13. The system of claim 12, wherein the means for sequential loading of the plurality of reactors with a biomass feedstock and for sequential unloading of a processed biomass comprises:

one or more augurs configured to load the biomass feedstock into the plurality of reactors; and

means for slurrying and washing out the processed biomass with water.

14. The system of claim 12, wherein the means for sequential loading of the plurality of reactors with a biomass feedstock and for sequential unloading of a processed biomass comprises a plurality of baskets.

15. The system of claim 12, wherein the means for discharging the wash liquid from each stage of the SMB comprises a wash liquid discharge progressive cavity pump configured to reduce pressure while avoiding clogging from liquid-solid separation.

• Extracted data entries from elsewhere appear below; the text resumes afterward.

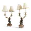 each cast with the figure of a putto holding aloft twin scrolled branches on marble plinths (2)
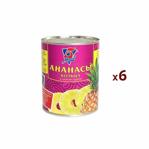 Ананасы "5Морей" кольца в легком сиропе 565г - 6шт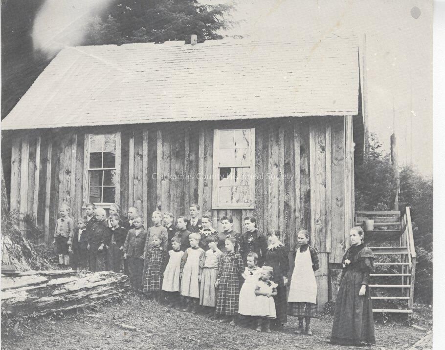 Cherry Ville School with unknown students lined up outside for picture. The unknown teacher is on the right in front of the steps to the building. At the top of the steps note the bucket and basin. The date of this picture is unknown.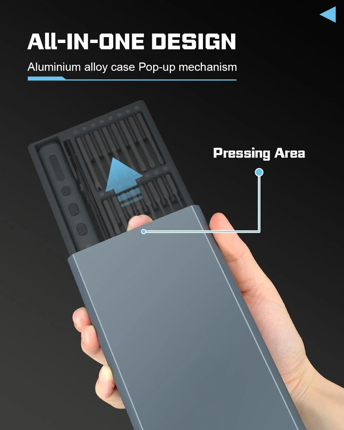 - Built-in screw magnetization device guarantees strong magnetic force, preventing dropped or lost screws.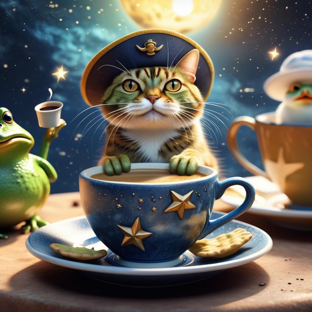 A digital artwork depicting a mustached cat, chick, and sailor frog enjoying coffee together. The photorealistic watercolor style is enhanced by soft lighting, twinkling stars, and warm coffee steam.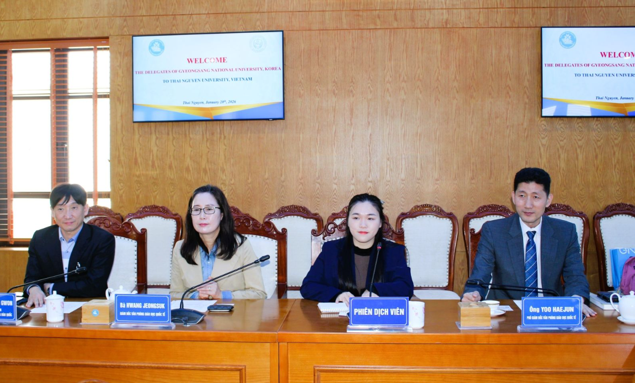 On January 28th, Thai Nguyen University (TNU) held a working session with a delegation from Gyeongsang National University (GNU), Republic of Korea.

16. The system of claim 12, wherein the means for separating liquids from solids in each stage of the SMB prior to discharging the wash liquid comprises at least one twin-screw extruder configured to force solids back into the reaction vessel.

17. The system of claim 12, wherein the means for sequential switching of a plurality of valves to create a desired countercurrent, moving bed simulation comprises an electronic computer.

18. The system of claim 12, wherein the plumbing system for controlling and directing one or more fluid flows comprises a first reactor outlet port coupled with a second reactor inlet port.

19. The system of claim 18, wherein the first reactor outlet port is coupled with the second reactor inlet port via a heat exchanger.

20. The system of claim 12, wherein the means for sequential loading of the plurality of reactors with a biomass feedstock and for sequential unloading of a processed biomass comprises a common feedstock hopper in operative association with the plurality of elongated, pressurized reactors.